• [PROBLEM TO WORK ON]:
Of the material below, the lines to be retyped are those from the line containing "Nuthink美式 潮牌字母玫瑰花重磅刺绣圆领卫衣外套男女2025秋新款" through the line containing "简介:东吴二乔之一再现人间。", inclusive; reproduce them exactly.

• [MATERIAL FOR THIS TASK]:
+ + + +

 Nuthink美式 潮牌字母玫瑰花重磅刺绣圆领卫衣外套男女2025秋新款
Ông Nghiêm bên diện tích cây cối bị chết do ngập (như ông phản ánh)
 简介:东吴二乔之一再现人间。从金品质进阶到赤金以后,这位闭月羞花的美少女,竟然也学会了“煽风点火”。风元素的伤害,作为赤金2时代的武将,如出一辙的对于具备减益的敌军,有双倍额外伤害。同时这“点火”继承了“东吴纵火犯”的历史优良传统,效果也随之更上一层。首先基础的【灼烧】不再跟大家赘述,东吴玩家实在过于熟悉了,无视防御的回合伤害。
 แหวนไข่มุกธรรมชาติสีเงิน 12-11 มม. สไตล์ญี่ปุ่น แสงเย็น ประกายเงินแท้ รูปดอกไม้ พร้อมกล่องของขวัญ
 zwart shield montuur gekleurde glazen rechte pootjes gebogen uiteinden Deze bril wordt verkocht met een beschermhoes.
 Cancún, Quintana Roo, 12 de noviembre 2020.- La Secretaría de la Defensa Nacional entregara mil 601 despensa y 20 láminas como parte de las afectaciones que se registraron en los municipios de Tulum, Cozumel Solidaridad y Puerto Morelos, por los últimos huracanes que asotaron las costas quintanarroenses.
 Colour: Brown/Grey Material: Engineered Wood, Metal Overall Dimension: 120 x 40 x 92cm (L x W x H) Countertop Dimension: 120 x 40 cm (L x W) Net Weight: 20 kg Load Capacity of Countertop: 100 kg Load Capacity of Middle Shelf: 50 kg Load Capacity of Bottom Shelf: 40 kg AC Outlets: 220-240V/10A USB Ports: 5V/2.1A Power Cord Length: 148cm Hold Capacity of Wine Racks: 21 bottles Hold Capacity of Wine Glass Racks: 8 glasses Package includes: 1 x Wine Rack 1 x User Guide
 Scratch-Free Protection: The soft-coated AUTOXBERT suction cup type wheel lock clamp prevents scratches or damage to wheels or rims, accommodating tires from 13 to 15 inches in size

+ + + +

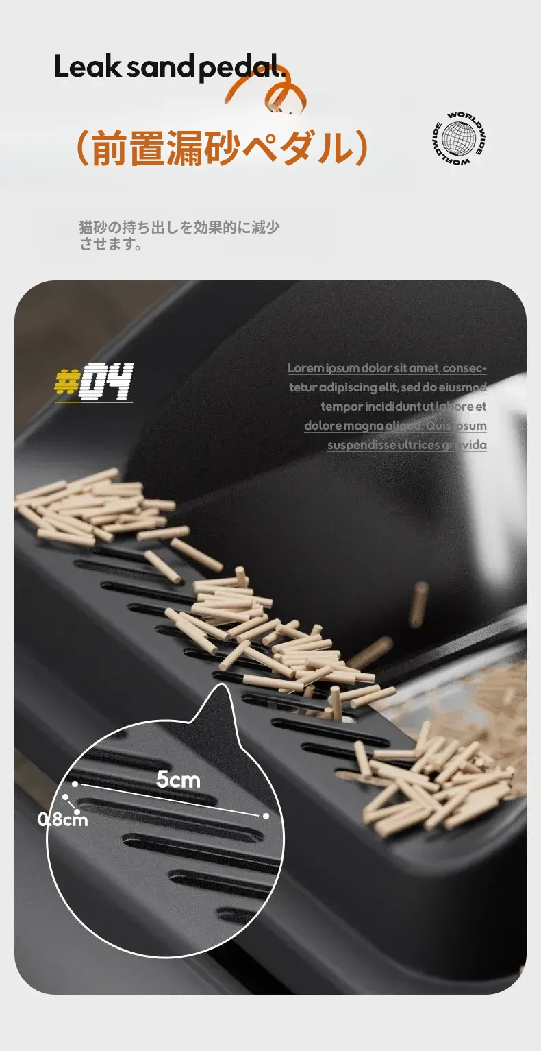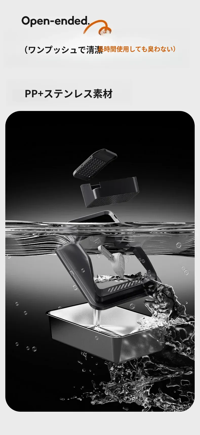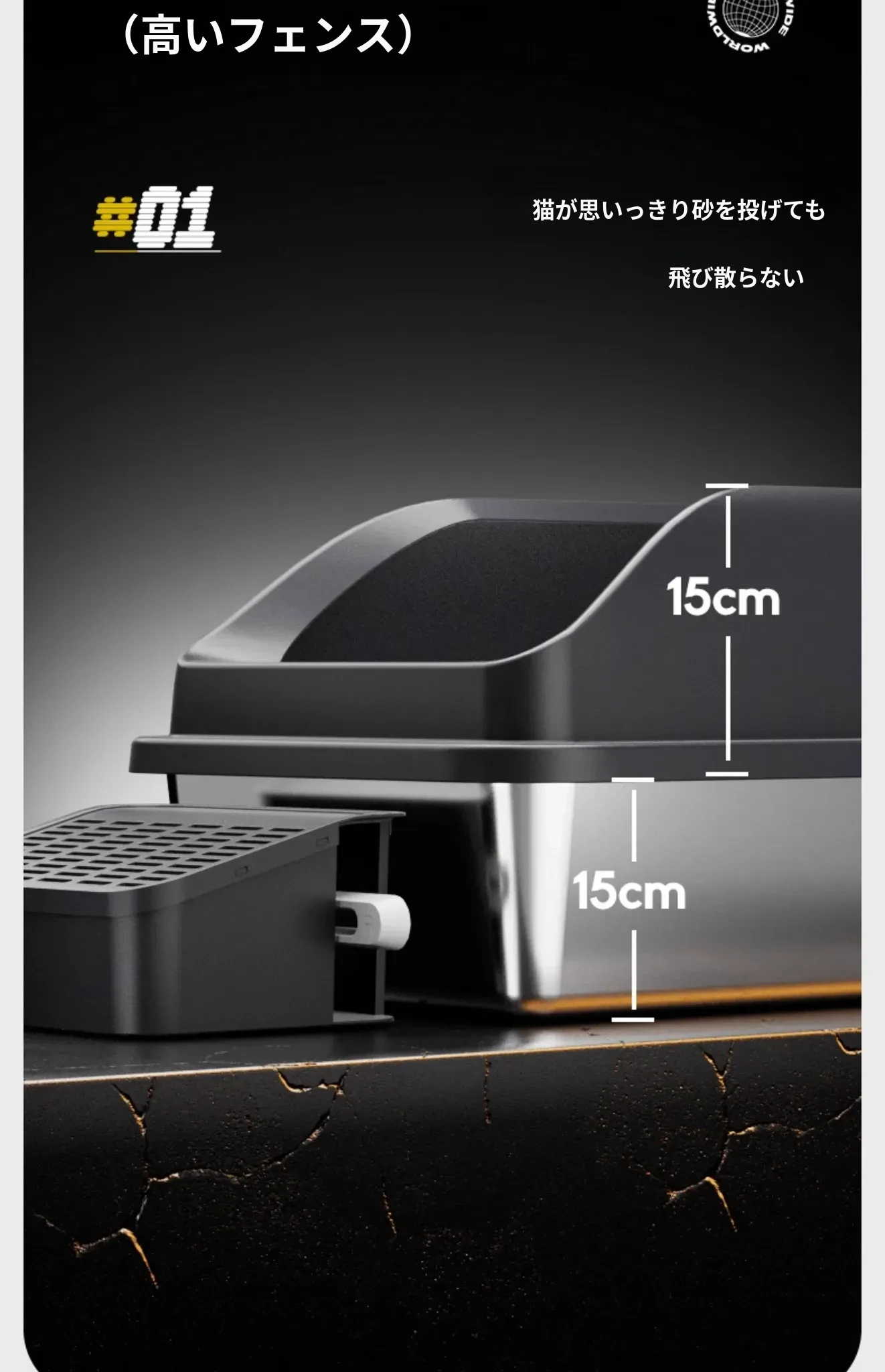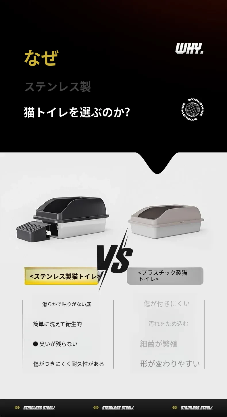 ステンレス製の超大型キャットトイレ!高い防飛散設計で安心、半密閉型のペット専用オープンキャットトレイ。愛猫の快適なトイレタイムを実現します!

+ + + +

• [OUTPUT OF THE EXERCISE]:
 Nuthink美式 潮牌字母玫瑰花重磅刺绣圆领卫衣外套男女2025秋新款
Ông Nghiêm bên diện tích cây cối bị chết do ngập (như ông phản ánh)
 简介:东吴二乔之一再现人间。从金品质进阶到赤金以后,这位闭月羞花的美少女,竟然也学会了“煽风点火”。风元素的伤害,作为赤金2时代的武将,如出一辙的对于具备减益的敌军,有双倍额外伤害。同时这“点火”继承了“东吴纵火犯”的历史优良传统,效果也随之更上一层。首先基础的【灼烧】不再跟大家赘述,东吴玩家实在过于熟悉了,无视防御的回合伤害。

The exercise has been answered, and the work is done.